Problem description:
Every record below needs to be written out exactly, apart from the pictures.

*** Opening of Dataset records ***

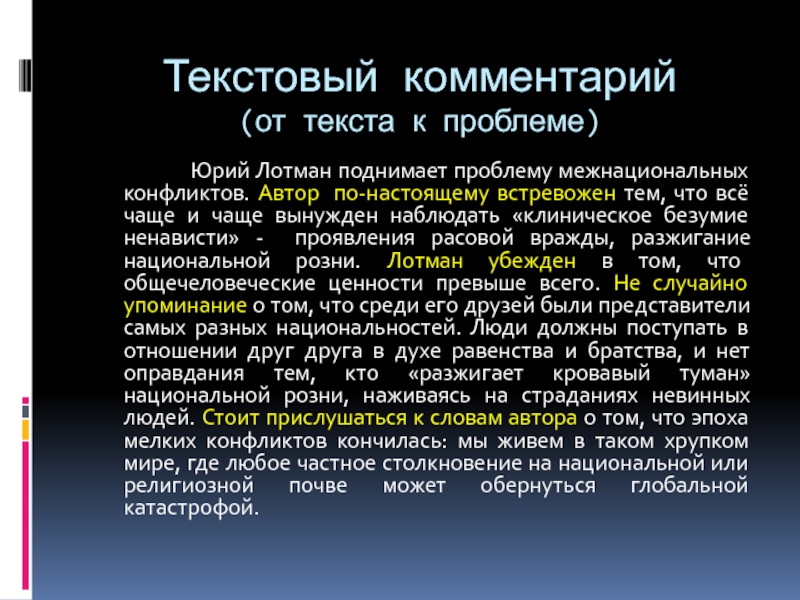 встревожен тем, что всё чаще и чаще вынужден наблюдать «клиническое безумие ненависти» - проявления расовой вражды, разжигание национальной розни. Лотман убежден в том, что общечеловеческие ценности превыше всего. Не случайно упоминание о том, что среди его друзей были представители самых разных национальностей. Люди должны поступать в отношении друг друга в духе равенства и братства, и нет оправдания тем, кто «разжигает кровавый туман» национальной розни, наживаясь на страданиях невинных людей. Стоит прислушаться к словам автора о том, что эпоха мелких конфликтов кончилась: мы живем в таком хрупком мире, где любое частное столкновение на национальной или религиозной почве может обернуться глобальной катастрофой.
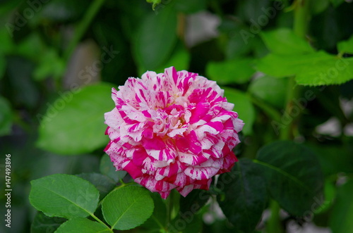 Fototapeta premium ピンクに白の班入りの薔薇の花
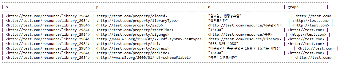 그래프에 적재를 하게 되면 이 포스팅 첫부분에 사용한 SELECT 코드를 그대로 사용할 수 없기 때문에 SPARQL을 약간 수정하면 된다. 왜냐하면 그래프명을 명시하지 않으면 디폴트그래프이고, 그래프명을 명시하면 명시한 그래프명으로 저장이 되기 때문에 원하는 결과가 제대로 나오지 않을 수 있다.
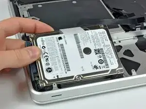 Поднимите жёсткий диск за свободную кромку и вытяните его из корпуса, следя за кабелем, который подключён к компьютеру.
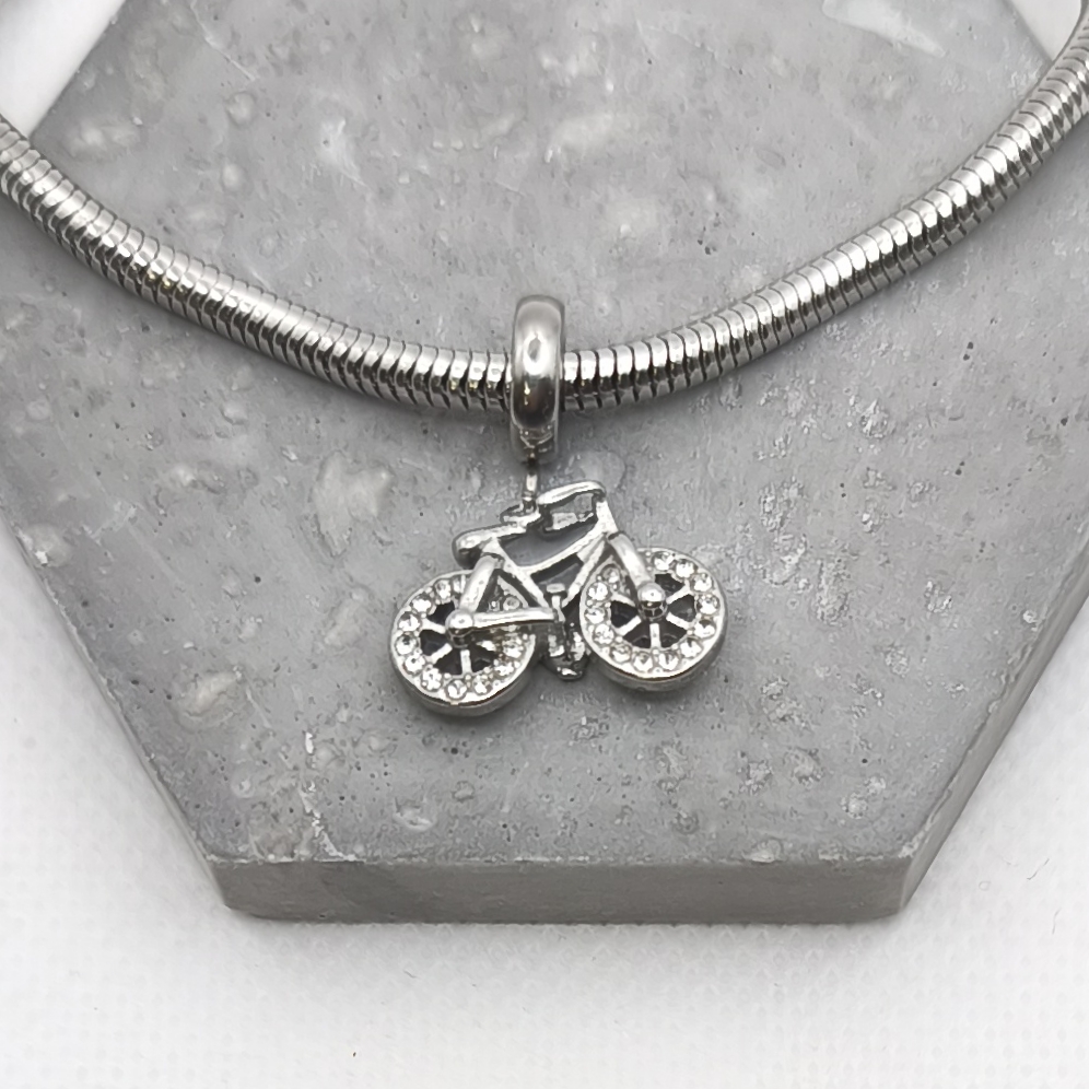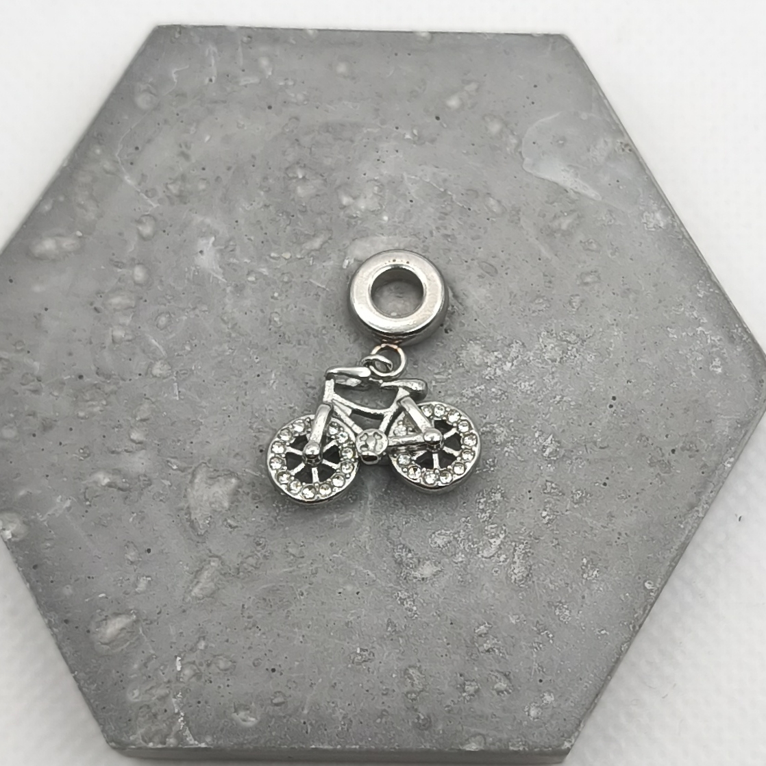 Charm ατσάλι με κρεμαστό ποδήλατο και με διάφανα στρας στο περίγραμμα των ροδών του.
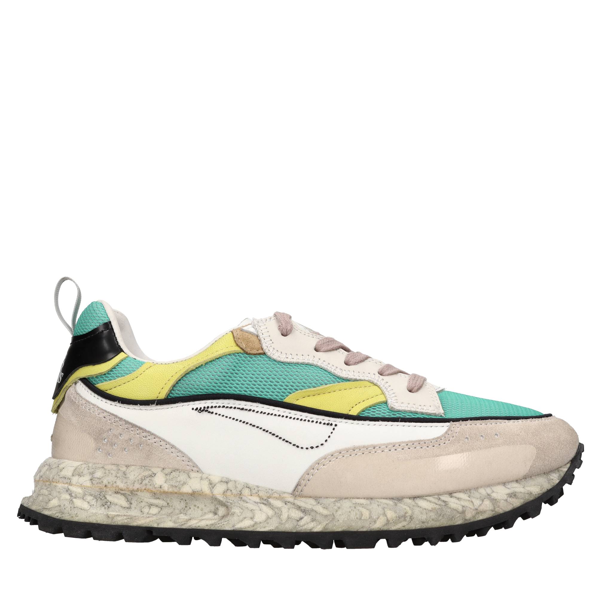 Baskets en cuir et tissu. Semelle extérieure en caoutchouc. Tige intérieure en cuir et en daim.
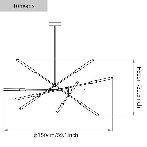 - 10heads size: Dia 150cm x H 80cm/∅ 59.1″ x H 31.5 in

*** Close of Dataset records ***

Problem solution:
 встревожен тем, что всё чаще и чаще вынужден наблюдать «клиническое безумие ненависти» - проявления расовой вражды, разжигание национальной розни. Лотман убежден в том, что общечеловеческие ценности превыше всего. Не случайно упоминание о том, что среди его друзей были представители самых разных национальностей. Люди должны поступать в отношении друг друга в духе равенства и братства, и нет оправдания тем, кто «разжигает кровавый туман» национальной розни, наживаясь на страданиях невинных людей. Стоит прислушаться к словам автора о том, что эпоха мелких конфликтов кончилась: мы живем в таком хрупком мире, где любое частное столкновение на национальной или религиозной почве может обернуться глобальной катастрофой.
 Fototapeta premium ピンクに白の班入りの薔薇の花
 그래프에 적재를 하게 되면 이 포스팅 첫부분에 사용한 SELECT 코드를 그대로 사용할 수 없기 때문에 SPARQL을 약간 수정하면 된다. 왜냐하면 그래프명을 명시하지 않으면 디폴트그래프이고, 그래프명을 명시하면 명시한 그래프명으로 저장이 되기 때문에 원하는 결과가 제대로 나오지 않을 수 있다.
 Поднимите жёсткий диск за свободную кромку и вытяните его из корпуса, следя за кабелем, который подключён к компьютеру.
 Charm ατσάλι με κρεμαστό ποδήλατο και με διάφανα στρας στο περίγραμμα των ροδών του.
 Baskets en cuir et tissu. Semelle extérieure en caoutchouc. Tige intérieure en cuir et en daim.
 - 10heads size: Dia 150cm x H 80cm/∅ 59.1″ x H 31.5 in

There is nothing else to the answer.